- Data provided

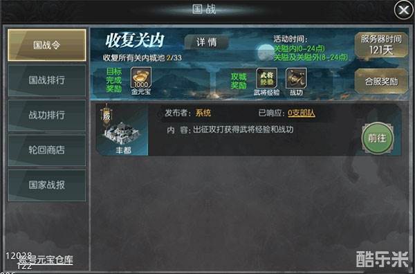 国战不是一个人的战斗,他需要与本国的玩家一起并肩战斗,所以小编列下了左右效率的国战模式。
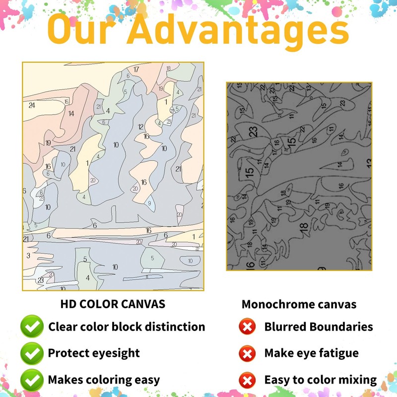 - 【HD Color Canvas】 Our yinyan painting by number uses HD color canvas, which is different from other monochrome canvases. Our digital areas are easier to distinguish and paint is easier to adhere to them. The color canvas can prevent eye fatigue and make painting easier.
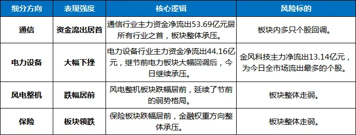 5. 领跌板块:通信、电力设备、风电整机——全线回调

- Exercise prompt
The lines above should be transcribed exactly, with every image removed.

- Response for this exercise
 国战不是一个人的战斗,他需要与本国的玩家一起并肩战斗,所以小编列下了左右效率的国战模式。
 - 【HD Color Canvas】 Our yinyan painting by number uses HD color canvas, which is different from other monochrome canvases. Our digital areas are easier to distinguish and paint is easier to adhere to them. The color canvas can prevent eye fatigue and make painting easier.
 5. 领跌板块:通信、电力设备、风电整机——全线回调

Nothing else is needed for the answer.